Segment Open

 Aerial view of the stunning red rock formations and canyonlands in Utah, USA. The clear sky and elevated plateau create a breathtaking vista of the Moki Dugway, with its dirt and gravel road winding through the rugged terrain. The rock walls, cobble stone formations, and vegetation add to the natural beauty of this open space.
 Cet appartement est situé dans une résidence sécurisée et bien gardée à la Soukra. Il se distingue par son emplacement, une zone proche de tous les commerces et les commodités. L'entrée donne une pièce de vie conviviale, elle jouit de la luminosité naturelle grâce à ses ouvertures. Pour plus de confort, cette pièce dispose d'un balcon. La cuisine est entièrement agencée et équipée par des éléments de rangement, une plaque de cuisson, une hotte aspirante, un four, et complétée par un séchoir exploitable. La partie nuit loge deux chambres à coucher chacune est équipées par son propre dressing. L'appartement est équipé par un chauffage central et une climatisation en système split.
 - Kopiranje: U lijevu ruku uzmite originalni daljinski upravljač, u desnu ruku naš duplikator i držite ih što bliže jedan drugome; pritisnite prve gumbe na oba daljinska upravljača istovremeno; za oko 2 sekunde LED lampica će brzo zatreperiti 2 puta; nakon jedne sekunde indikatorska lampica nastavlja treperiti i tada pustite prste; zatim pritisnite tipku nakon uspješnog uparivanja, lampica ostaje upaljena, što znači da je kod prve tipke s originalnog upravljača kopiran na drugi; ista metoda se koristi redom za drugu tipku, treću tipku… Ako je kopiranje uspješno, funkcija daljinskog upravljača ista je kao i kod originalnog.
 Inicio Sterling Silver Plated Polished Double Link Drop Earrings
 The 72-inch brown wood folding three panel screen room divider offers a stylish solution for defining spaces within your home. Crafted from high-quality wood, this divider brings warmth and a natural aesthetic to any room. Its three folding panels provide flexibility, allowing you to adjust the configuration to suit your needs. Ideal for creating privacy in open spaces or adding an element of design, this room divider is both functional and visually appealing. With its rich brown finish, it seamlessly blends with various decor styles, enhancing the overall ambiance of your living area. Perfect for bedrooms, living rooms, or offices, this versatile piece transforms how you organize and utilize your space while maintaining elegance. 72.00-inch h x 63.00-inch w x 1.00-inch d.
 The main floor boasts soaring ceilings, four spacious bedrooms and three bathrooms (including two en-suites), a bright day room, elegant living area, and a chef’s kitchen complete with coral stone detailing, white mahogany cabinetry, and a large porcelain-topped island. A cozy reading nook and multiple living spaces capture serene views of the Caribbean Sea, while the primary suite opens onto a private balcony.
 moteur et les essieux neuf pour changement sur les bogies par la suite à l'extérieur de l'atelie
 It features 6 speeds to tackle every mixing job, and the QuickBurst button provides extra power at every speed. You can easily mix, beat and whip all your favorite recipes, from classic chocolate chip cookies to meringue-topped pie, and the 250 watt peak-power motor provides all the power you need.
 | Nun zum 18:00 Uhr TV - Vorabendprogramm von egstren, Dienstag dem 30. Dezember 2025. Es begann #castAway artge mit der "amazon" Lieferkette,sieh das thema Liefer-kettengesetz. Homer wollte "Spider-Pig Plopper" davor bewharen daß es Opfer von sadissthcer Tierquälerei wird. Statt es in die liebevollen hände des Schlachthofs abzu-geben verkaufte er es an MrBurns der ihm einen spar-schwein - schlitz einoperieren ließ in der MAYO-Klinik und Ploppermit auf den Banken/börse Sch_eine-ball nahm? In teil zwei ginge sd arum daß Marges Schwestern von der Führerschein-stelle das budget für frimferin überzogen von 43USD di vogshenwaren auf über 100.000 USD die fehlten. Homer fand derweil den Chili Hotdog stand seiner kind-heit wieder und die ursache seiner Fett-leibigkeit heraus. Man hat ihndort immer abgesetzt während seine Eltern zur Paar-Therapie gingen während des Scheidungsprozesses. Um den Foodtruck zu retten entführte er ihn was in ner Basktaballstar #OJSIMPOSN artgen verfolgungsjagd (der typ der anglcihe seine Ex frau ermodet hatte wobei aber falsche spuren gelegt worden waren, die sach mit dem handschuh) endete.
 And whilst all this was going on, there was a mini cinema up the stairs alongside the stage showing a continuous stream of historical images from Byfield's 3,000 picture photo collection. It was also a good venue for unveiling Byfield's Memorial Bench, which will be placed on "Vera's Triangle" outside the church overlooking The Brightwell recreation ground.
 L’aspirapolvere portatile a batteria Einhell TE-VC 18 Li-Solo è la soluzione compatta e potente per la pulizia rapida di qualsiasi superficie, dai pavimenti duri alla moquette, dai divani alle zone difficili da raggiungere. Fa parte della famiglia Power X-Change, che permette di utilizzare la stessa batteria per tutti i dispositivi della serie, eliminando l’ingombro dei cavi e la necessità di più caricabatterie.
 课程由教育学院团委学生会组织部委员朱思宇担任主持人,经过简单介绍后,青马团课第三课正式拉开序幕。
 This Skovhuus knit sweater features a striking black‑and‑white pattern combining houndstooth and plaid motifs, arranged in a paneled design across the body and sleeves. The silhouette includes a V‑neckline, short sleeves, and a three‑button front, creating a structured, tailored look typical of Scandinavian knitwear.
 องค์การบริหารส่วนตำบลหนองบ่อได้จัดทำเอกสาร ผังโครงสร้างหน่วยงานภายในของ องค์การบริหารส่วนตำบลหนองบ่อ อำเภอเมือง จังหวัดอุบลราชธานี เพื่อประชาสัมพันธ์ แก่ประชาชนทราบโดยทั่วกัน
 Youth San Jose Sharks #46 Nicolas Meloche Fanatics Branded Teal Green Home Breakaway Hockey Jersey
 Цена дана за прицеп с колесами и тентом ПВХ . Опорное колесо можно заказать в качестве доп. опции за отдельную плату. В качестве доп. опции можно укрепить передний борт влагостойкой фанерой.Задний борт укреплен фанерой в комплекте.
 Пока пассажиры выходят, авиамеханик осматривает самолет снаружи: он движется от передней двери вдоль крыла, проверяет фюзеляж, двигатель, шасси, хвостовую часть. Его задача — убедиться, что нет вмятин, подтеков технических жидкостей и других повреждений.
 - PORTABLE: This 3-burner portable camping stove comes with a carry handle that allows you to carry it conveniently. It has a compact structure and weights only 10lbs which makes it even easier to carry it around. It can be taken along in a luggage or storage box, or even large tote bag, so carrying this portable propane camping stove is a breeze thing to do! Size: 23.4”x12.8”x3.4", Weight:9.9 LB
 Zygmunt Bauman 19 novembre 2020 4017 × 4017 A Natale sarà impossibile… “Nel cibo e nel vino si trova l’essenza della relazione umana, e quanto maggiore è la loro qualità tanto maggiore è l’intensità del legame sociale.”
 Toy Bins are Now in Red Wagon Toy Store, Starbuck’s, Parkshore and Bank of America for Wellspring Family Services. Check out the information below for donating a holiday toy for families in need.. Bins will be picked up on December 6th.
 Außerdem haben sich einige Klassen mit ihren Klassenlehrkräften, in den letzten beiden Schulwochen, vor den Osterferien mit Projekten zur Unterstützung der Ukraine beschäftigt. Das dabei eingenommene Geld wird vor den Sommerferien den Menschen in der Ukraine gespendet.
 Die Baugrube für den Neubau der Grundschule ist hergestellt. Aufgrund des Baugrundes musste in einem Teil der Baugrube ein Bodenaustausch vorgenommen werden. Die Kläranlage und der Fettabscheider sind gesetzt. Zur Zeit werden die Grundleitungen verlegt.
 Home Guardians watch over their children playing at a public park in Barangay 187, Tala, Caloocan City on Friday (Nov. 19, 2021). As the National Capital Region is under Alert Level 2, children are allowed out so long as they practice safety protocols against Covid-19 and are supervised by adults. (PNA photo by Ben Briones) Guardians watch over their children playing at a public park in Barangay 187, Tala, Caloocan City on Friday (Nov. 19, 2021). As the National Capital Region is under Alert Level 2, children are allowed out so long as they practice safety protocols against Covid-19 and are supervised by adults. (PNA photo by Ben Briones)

Segment Closed

_WORK INSTRUCTIONS_
Your answer must be an exact copy of every record.

_COMPLETED EXERCISE_
 Aerial view of the stunning red rock formations and canyonlands in Utah, USA. The clear sky and elevated plateau create a breathtaking vista of the Moki Dugway, with its dirt and gravel road winding through the rugged terrain. The rock walls, cobble stone formations, and vegetation add to the natural beauty of this open space.
 Cet appartement est situé dans une résidence sécurisée et bien gardée à la Soukra. Il se distingue par son emplacement, une zone proche de tous les commerces et les commodités. L'entrée donne une pièce de vie conviviale, elle jouit de la luminosité naturelle grâce à ses ouvertures. Pour plus de confort, cette pièce dispose d'un balcon. La cuisine est entièrement agencée et équipée par des éléments de rangement, une plaque de cuisson, une hotte aspirante, un four, et complétée par un séchoir exploitable. La partie nuit loge deux chambres à coucher chacune est équipées par son propre dressing. L'appartement est équipé par un chauffage central et une climatisation en système split.
 - Kopiranje: U lijevu ruku uzmite originalni daljinski upravljač, u desnu ruku naš duplikator i držite ih što bliže jedan drugome; pritisnite prve gumbe na oba daljinska upravljača istovremeno; za oko 2 sekunde LED lampica će brzo zatreperiti 2 puta; nakon jedne sekunde indikatorska lampica nastavlja treperiti i tada pustite prste; zatim pritisnite tipku nakon uspješnog uparivanja, lampica ostaje upaljena, što znači da je kod prve tipke s originalnog upravljača kopiran na drugi; ista metoda se koristi redom za drugu tipku, treću tipku… Ako je kopiranje uspješno, funkcija daljinskog upravljača ista je kao i kod originalnog.
 Inicio Sterling Silver Plated Polished Double Link Drop Earrings
 The 72-inch brown wood folding three panel screen room divider offers a stylish solution for defining spaces within your home. Crafted from high-quality wood, this divider brings warmth and a natural aesthetic to any room. Its three folding panels provide flexibility, allowing you to adjust the configuration to suit your needs. Ideal for creating privacy in open spaces or adding an element of design, this room divider is both functional and visually appealing. With its rich brown finish, it seamlessly blends with various decor styles, enhancing the overall ambiance of your living area. Perfect for bedrooms, living rooms, or offices, this versatile piece transforms how you organize and utilize your space while maintaining elegance. 72.00-inch h x 63.00-inch w x 1.00-inch d.
 The main floor boasts soaring ceilings, four spacious bedrooms and three bathrooms (including two en-suites), a bright day room, elegant living area, and a chef’s kitchen complete with coral stone detailing, white mahogany cabinetry, and a large porcelain-topped island. A cozy reading nook and multiple living spaces capture serene views of the Caribbean Sea, while the primary suite opens onto a private balcony.
 moteur et les essieux neuf pour changement sur les bogies par la suite à l'extérieur de l'atelie
 It features 6 speeds to tackle every mixing job, and the QuickBurst button provides extra power at every speed. You can easily mix, beat and whip all your favorite recipes, from classic chocolate chip cookies to meringue-topped pie, and the 250 watt peak-power motor provides all the power you need.
 | Nun zum 18:00 Uhr TV - Vorabendprogramm von egstren, Dienstag dem 30. Dezember 2025. Es begann #castAway artge mit der "amazon" Lieferkette,sieh das thema Liefer-kettengesetz. Homer wollte "Spider-Pig Plopper" davor bewharen daß es Opfer von sadissthcer Tierquälerei wird. Statt es in die liebevollen hände des Schlachthofs abzu-geben verkaufte er es an MrBurns der ihm einen spar-schwein - schlitz einoperieren ließ in der MAYO-Klinik und Ploppermit auf den Banken/börse Sch_eine-ball nahm? In teil zwei ginge sd arum daß Marges Schwestern von der Führerschein-stelle das budget für frimferin überzogen von 43USD di vogshenwaren auf über 100.000 USD die fehlten. Homer fand derweil den Chili Hotdog stand seiner kind-heit wieder und die ursache seiner Fett-leibigkeit heraus. Man hat ihndort immer abgesetzt während seine Eltern zur Paar-Therapie gingen während des Scheidungsprozesses. Um den Foodtruck zu retten entführte er ihn was in ner Basktaballstar #OJSIMPOSN artgen verfolgungsjagd (der typ der anglcihe seine Ex frau ermodet hatte wobei aber falsche spuren gelegt worden waren, die sach mit dem handschuh) endete.
 And whilst all this was going on, there was a mini cinema up the stairs alongside the stage showing a continuous stream of historical images from Byfield's 3,000 picture photo collection. It was also a good venue for unveiling Byfield's Memorial Bench, which will be placed on "Vera's Triangle" outside the church overlooking The Brightwell recreation ground.
 L’aspirapolvere portatile a batteria Einhell TE-VC 18 Li-Solo è la soluzione compatta e potente per la pulizia rapida di qualsiasi superficie, dai pavimenti duri alla moquette, dai divani alle zone difficili da raggiungere. Fa parte della famiglia Power X-Change, che permette di utilizzare la stessa batteria per tutti i dispositivi della serie, eliminando l’ingombro dei cavi e la necessità di più caricabatterie.
 课程由教育学院团委学生会组织部委员朱思宇担任主持人,经过简单介绍后,青马团课第三课正式拉开序幕。
 This Skovhuus knit sweater features a striking black‑and‑white pattern combining houndstooth and plaid motifs, arranged in a paneled design across the body and sleeves. The silhouette includes a V‑neckline, short sleeves, and a three‑button front, creating a structured, tailored look typical of Scandinavian knitwear.
 องค์การบริหารส่วนตำบลหนองบ่อได้จัดทำเอกสาร ผังโครงสร้างหน่วยงานภายในของ องค์การบริหารส่วนตำบลหนองบ่อ อำเภอเมือง จังหวัดอุบลราชธานี เพื่อประชาสัมพันธ์ แก่ประชาชนทราบโดยทั่วกัน
 Youth San Jose Sharks #46 Nicolas Meloche Fanatics Branded Teal Green Home Breakaway Hockey Jersey
 Цена дана за прицеп с колесами и тентом ПВХ . Опорное колесо можно заказать в качестве доп. опции за отдельную плату. В качестве доп. опции можно укрепить передний борт влагостойкой фанерой.Задний борт укреплен фанерой в комплекте.
 Пока пассажиры выходят, авиамеханик осматривает самолет снаружи: он движется от передней двери вдоль крыла, проверяет фюзеляж, двигатель, шасси, хвостовую часть. Его задача — убедиться, что нет вмятин, подтеков технических жидкостей и других повреждений.
 - PORTABLE: This 3-burner portable camping stove comes with a carry handle that allows you to carry it conveniently. It has a compact structure and weights only 10lbs which makes it even easier to carry it around. It can be taken along in a luggage or storage box, or even large tote bag, so carrying this portable propane camping stove is a breeze thing to do! Size: 23.4”x12.8”x3.4", Weight:9.9 LB
 Zygmunt Bauman 19 novembre 2020 4017 × 4017 A Natale sarà impossibile… “Nel cibo e nel vino si trova l’essenza della relazione umana, e quanto maggiore è la loro qualità tanto maggiore è l’intensità del legame sociale.”
 Toy Bins are Now in Red Wagon Toy Store, Starbuck’s, Parkshore and Bank of America for Wellspring Family Services. Check out the information below for donating a holiday toy for families in need.. Bins will be picked up on December 6th.
 Außerdem haben sich einige Klassen mit ihren Klassenlehrkräften, in den letzten beiden Schulwochen, vor den Osterferien mit Projekten zur Unterstützung der Ukraine beschäftigt. Das dabei eingenommene Geld wird vor den Sommerferien den Menschen in der Ukraine gespendet.
 Die Baugrube für den Neubau der Grundschule ist hergestellt. Aufgrund des Baugrundes musste in einem Teil der Baugrube ein Bodenaustausch vorgenommen werden. Die Kläranlage und der Fettabscheider sind gesetzt. Zur Zeit werden die Grundleitungen verlegt.
 Home Guardians watch over their children playing at a public park in Barangay 187, Tala, Caloocan City on Friday (Nov. 19, 2021). As the National Capital Region is under Alert Level 2, children are allowed out so long as they practice safety protocols against Covid-19 and are supervised by adults. (PNA photo by Ben Briones) Guardians watch over their children playing at a public park in Barangay 187, Tala, Caloocan City on Friday (Nov. 19, 2021). As the National Capital Region is under Alert Level 2, children are allowed out so long as they practice safety protocols against Covid-19 and are supervised by adults. (PNA photo by Ben Briones)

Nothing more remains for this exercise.